After I hung up the phone I went around the entire house and closed all the curtains. The press had gathered enough nerve to move from the lawn to the front porch. They rang the bell a few times, but they knew I wasn’t about to open the door. They knew I was still inside the house, but I’d do my best to remain invisible until it came time to get by them.
Now I knew why they called them the press.
I returned to the living room, took hold of the heavy metal poker that leaned against the brick fireplace, and used the blunt end to crush the burned photo of Fran and me into so much soot and ash. It was then I noticed that the photo hadn’t burned completely. A semblance of the image remained. I bent down, sifted through the black ash, and picked out the remains.

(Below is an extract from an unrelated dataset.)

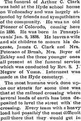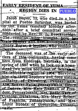 1900 Wray "Martin Deyo of Yuma and Henry Boyer of Eckley were business visitors to our town Saturday. Mr. Boyer bought a buggy of Counter's lumber yard while here. He is the new owner of the Mumford place."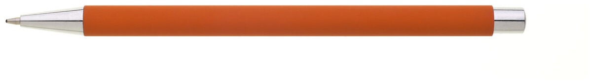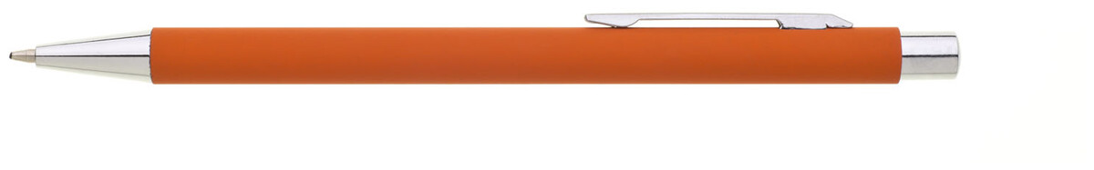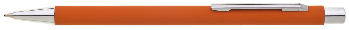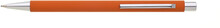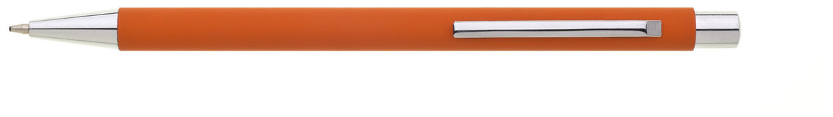 Tenká, jednoduchá propiska s oranžovým pogumovaným tělem a chromovými doplňky. Náplň X20, modře píšící.

Fran’s face was still there.
I put the cigarette between my lips, reached into my pocket for the Zippo. I started the lighter and brought the flame to the stamp-size portion of intact photograph.
Maybe my imagination was taking over but, like the image of her body, the image of Fran’s face took some time to disappear. No matter how I put the flame to it. I wasn’t the type to heed signs from above, but it seemed like a gesture from divine providence itself.